Her family helped establish our country. They fought in the Revolutionary War, the Civil War, the War of 1812 (which Canadians tell us we lost), the Spanish-American War, and World War II. Various family root stocks settled in parts of Delaware, Maryland, New Jersey, and Pennsylvania in the 200 years before her birth. They produced a lineage that was strong and resilient.
After the birth of two brothers, she was a surprise and a great gift to her parents, having been born on their sixth anniversary.
Although some would call her unconventional, she was fun-loving. She and her brothers played ukuleles, sang, and put on skits in the family living room. When wallpaper was stripped to be replaced, they drew cartoons on the plaster walls. I can fondly remember seeing them when I was a young child and that wallpaper was removed again. But those skits used to embarrass me horribly when I was a sophisticated teenager. I think I know where any creative juices I may possess came from.

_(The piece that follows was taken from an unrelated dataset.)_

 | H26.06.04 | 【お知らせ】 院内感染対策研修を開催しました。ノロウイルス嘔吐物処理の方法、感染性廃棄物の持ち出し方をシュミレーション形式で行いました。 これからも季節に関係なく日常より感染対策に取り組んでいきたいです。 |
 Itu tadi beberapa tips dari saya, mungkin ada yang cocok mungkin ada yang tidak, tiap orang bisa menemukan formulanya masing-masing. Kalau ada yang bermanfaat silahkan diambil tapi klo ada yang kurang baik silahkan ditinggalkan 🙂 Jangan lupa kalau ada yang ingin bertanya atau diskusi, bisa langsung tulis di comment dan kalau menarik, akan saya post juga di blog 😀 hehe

Good at math and supremely well-read, most people assumed she had a college degree. She certainly had a life degree and was one of the most articulate people I’ve ever known.

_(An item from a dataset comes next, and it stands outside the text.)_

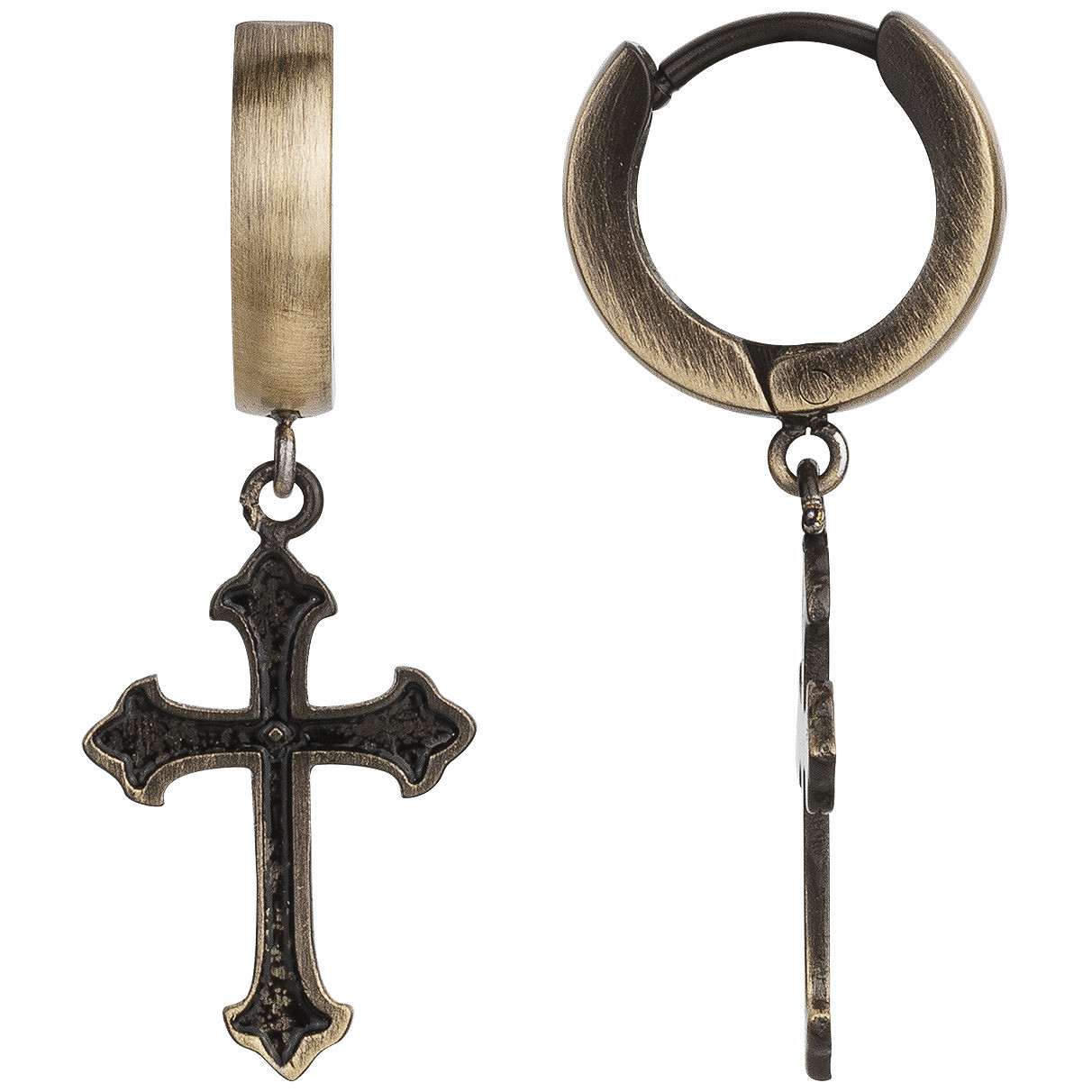 Créoles avec pendants croix gothiques en acier 316L inoxydable bronze et laque noire. Ce bijou a été conçu pour durer : garanti deux ans et fabriqué en acier inoxydable de qualité, il traverse les années sans s'abîmer. Son fermoir de type créole lui permet de rester bien en place à ton oreille. Un accessoire symbolique. Si tu recherches un bijou pour homme à l'allure vintage pour témoigner de ta spiritualité, ces boucles d'oreilles à croix Phebus sont faites pour toi. Ce symbole, tendance et intemporel, apporte un supplément d'âme à ton style.

Men’s heads turned when they saw her. She was beautiful as well as personable. And unfailingly pleasant. A positive person when life threw her lemons. And she caught a lot of them.
She made history when she became a Sergeant Major in the US Marine Corps during World War II. Up to this time, the Marines were the last bastion of males only among the services. She was:
• among the first of eight women to be sworn into the Corps in Philadelphia.;
• in the first class of Women Marines to be trained at Hunter College;
• chosen with thirteen other women out of hundreds in her boot camp group to attend the inaugural class of Women Marines in First Sergeant’s school;
• one of the first Women Marines to appear in uniform in Philadelphia. It caused quite a stir, and was featured in the local newspaper;
• the first of four women to make First Sergeant;
• the first woman to replace a male First Sergeant.
She was highly intelligent, even though she never finished high school. One of her greatest accomplishment was to see me do well in school and graduate. Assignments were pored over and she constantly encouraged me to be “better” than she was. She was chest-thumpingly proud when her only child got a B.Sc. in Chemistry and an MBA from The Wharton School. It was perilous for anyone who might have asked how her child was doing during that time.
She was an indefatigable single mom, who took care of me, her invalid mother, her father and ran the household like a Marine. She somehow managed to balance everything while maintaining her equilibrium. And her sense of humor.
Our family lost her in 1985. The world lost an unheralded heroine who paved the way for others. I still miss her and can never thank her enough for the impact she had on my life.
Her name was Irene Helen. And she was my Mom, the Marine. Happy Birthday to the USMC!
6 thoughts on “Her Name Was Irene Helen”
Outstanding! Thank you for sharing.
Bill St Clair
Thanks, Bill! She had quite a life.
How are you and yours doing?
To me, a migrant, this is the shinning example of what is a true American. Intelligent, capable, caring to the point of being a hero and, oh yes, always with good humor.
Thank you for sharing. I believe you also inherited her sense of humor : “It was perilous for anyone who might have asked how her child was doing during that time.” Lol.
What a beautiful tribute. Sorry I was late to the party to read.
Better late than never, JoAnn! Thanks for your kind words. Hope you’re doing well through all this craziness.
Reblogged this on Women Marines Association and commented:
Part of our history. As women, as Marines.